# Commencal maxmax or Eastern Thunderbird



## carfreak35041 (Oct 15, 2007)

I'm graduating middle school soon, and my parents may buy me a new bike, and it will be my first DJ bike. Now my price range isn't very high, 500 to 600 and maybe i can push the 600 a little. I've been looking at the Commencal Maxmax very much, and there's an offer for an 08 Easter tbird for 500. I don't know which one would be better for me. 

Also throwing out some other bikes I've seen:
2009 Blk Mrkt riot that was in classfields, it had an argyle fork and I'm pretty sure those are pretty expensive? the bike is going for 650, and I'm pretty sure thats good
09 KHS DJ05- I don't really know about the bike but its around 589 dollars.

Other things: I wanna keep it single speed


----------



## joelalamo45 (Aug 3, 2006)

I rode a Thunderbird yesterday and loved it.


----------



## markf (Jan 17, 2007)

i like my thunderbird. fork weighs a ton, but it works okay. otherwise the bike is awesome. i'd like to try a bike with a longer top tube but i'm 6'4, so sometimes it feels a tad short. but i'm a shop employee and can get a ton of dj bikes at cost and went with the thunderbird because it seemed like the most bang for the buck by a long ways.


----------



## The Agency (Jun 28, 2005)

The Max Max has the worst rims in the industry...AWFUL!!!! That being said the geometry of the bike is so fun...I like it better than my Riot.

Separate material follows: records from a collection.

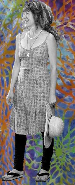 This batik spaghetti strap dress has a stretchy elastic panel across the back. It is available in the batik pictured. Please choose sizes below. 100% Rayon. Okay to machine wash in cold water. Hang to dry.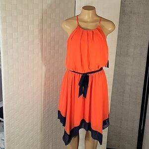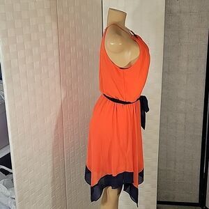 BRAND NEW IZBYER STRAPLESS ROUNDNECK LINE BUILT-IN BELT WOMEN"S DRESS SIZE XLARGE COLOR ORANGE &DARK BLUE MADE WITH 100%POLYESTER LINING 100%POLYESTER THIS ITEMS IS BRAND NEW WITH TAG CHECK THE PICTURES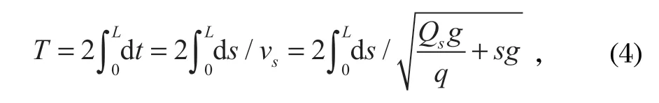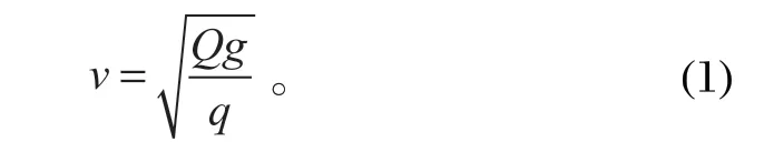 式中:v 為振動波在鋼絲繩上的傳播速度,m/s;Q為鋼絲繩所受張力,N;g 為重力加速度,m/s2;q 為罐道繩每米重力,N/m。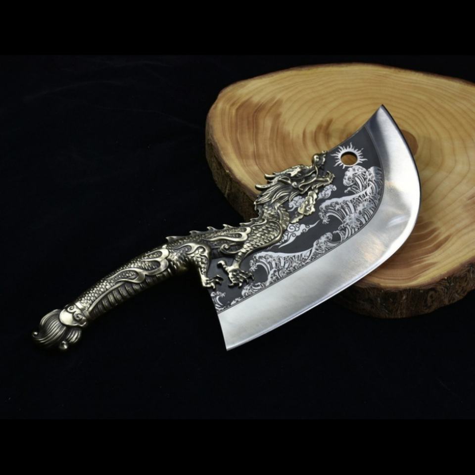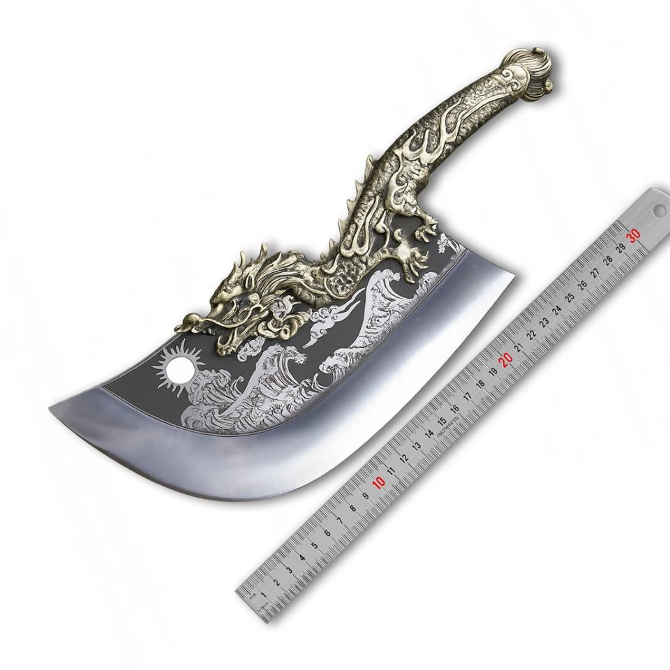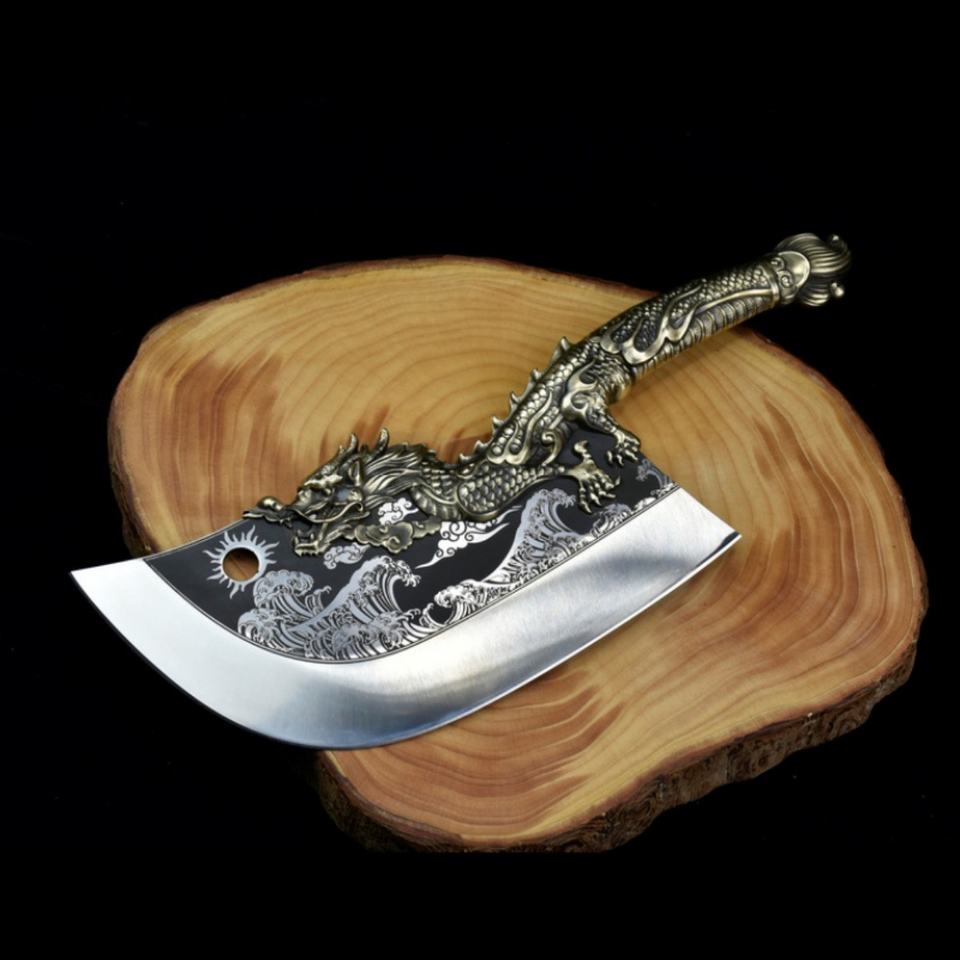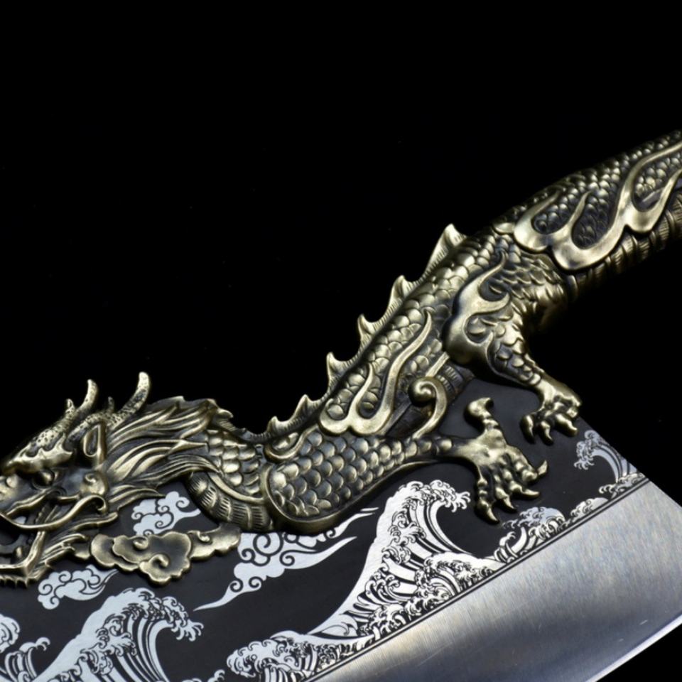 มีดเหล็กกล้าไร้สนิม Longquan ตีขึ้นรูปด้วยมือ ลายมังกรสีฟ้าไล่คลื่น ขนาด 24 ซม. ด้ามจับแบบสองมือ ใช้ในครัวเรือน ผลิตตามแบบ OEM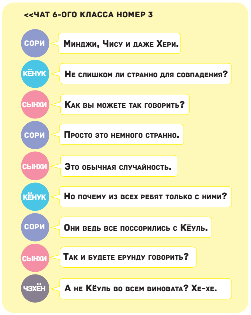 Кёуль, держа телефон в руках, сомневалась, ответить ей или нет. Может, ее снова будут уговаривать прийти в школу? Тогда совсем не хотелось брать трубку. Староста класса Сынхи среди одноклассников больше всех заботилась о ней. Поэтому девочка решила, что даже если она услышит то, что ей не понравится, правильней будет ответить, что она и сделала.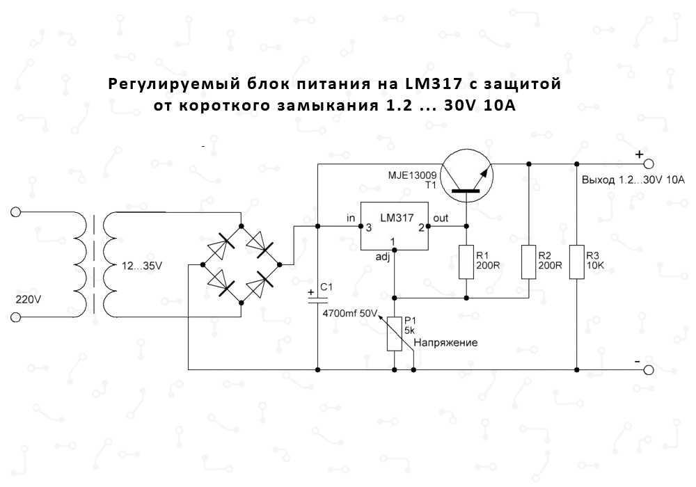Все, что понадобится для его создания, это заменить R2 на переменный резистор, а также добавить трансформатор с диодным мостом на вход. При использовании стоит учитывать, что микросхема обладает опорным напряжением в 1.25В, поэтому оно и будет минимальным для данной схемы.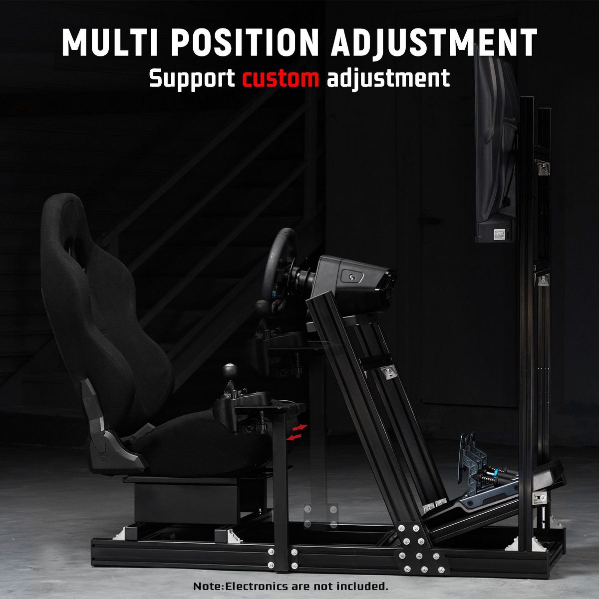Dardoo 4080 & 4040 Aluminum Racing Sim Cockpit with Monitor Stand & Black Seat,for Thrustmaster,Moza & Logitech.Not Include Wheel,Pedal,and Monitors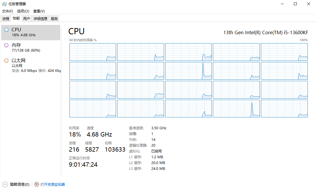 服务器使用 13600K 与 128GB 内存,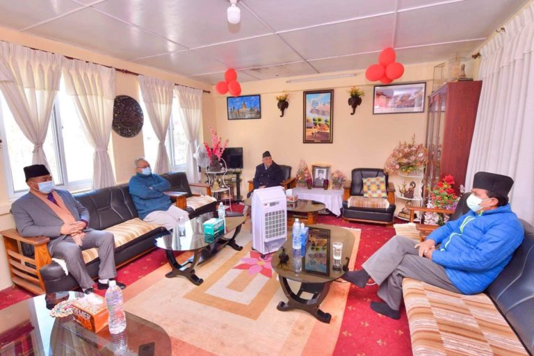 काठमाडौं, पुस ५ । सत्तारूढ नेपाल कम्युनिस्ट पार्टी (नेकपा)भित्र देखिएको विवाद समाधानका लागि शनिबार शीर्ष नेताहरूका बीचमा भेटघाट तथा छलफलले तीव्रता पाएको छ । छलफललाई तीव्रता दिँदै नेताहरूले सहमतिको प्रयास जारी राखेका छन् ।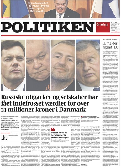 Politiken: «Російським олігархам та корпораціям заморозили цінності більш ніж на 33 мільйони крон у Данії». Кілька найбагатших людей Росії та найбільш лояльних до Путіна компаній мають великі цінності в Данії, які зараз заарештовані через війну в Україні.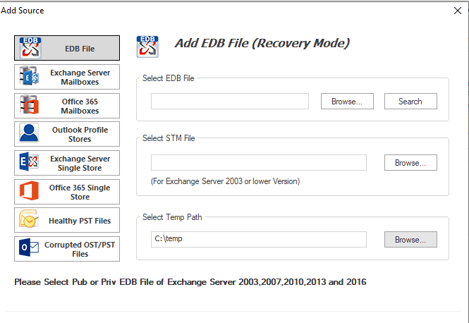You can add the Sources right from EDB file, office 365 to ost and pst files.

Matt has his Max Max set up for a 15.25" chainstay and is a couple of lbs. lighter than the Thunderbird. The thing about the Max Max is you will probably spend more $$$ on it. Matt says it's worth the extra cost. At your budget I don't think that would work.


























If you want a great out-of-the-box bike, I say go with the Eastern.


----------



## joelalamo45 (Aug 3, 2006)

I wish I had some extra coin lying around... that Eastern would be mine.


----------



## xDetroitMetalx (Mar 19, 2009)

I like the sound of the Riot, if it's solid I'd buy that!

*Edit*

I forgot to mention, I was looking at the Thunderbird today and the 21.5" TT scares me as does the wheel to wheel distance. Did you notice much front wheel to foot overlap? The geometry just seems like it won't work for my 11.5 feets : (


----------



## Foreveralout (Jun 20, 2008)

get the eastern, then save up some money and upgrade your fork.


----------



## markf (Jan 17, 2007)

xDetroitMetalx said:


> I like the sound of the Riot, if it's solid I'd buy that!
> 
> *Edit*
> 
> I forgot to mention, I was looking at the Thunderbird today and the 21.5" TT scares me as does the wheel to wheel distance. Did you notice much front wheel to foot overlap? The geometry just seems like it won't work for my 11.5 feets : (


13 here and have never had a problem with toe overlap. the eastern rides just like the bmx bikes i had when i was a kid (20-ish years ago) just with bigger wheels. super fun.


----------



## joelalamo45 (Aug 3, 2006)

I'm a size 13 as well and the tire scrub issue is next to nothing. 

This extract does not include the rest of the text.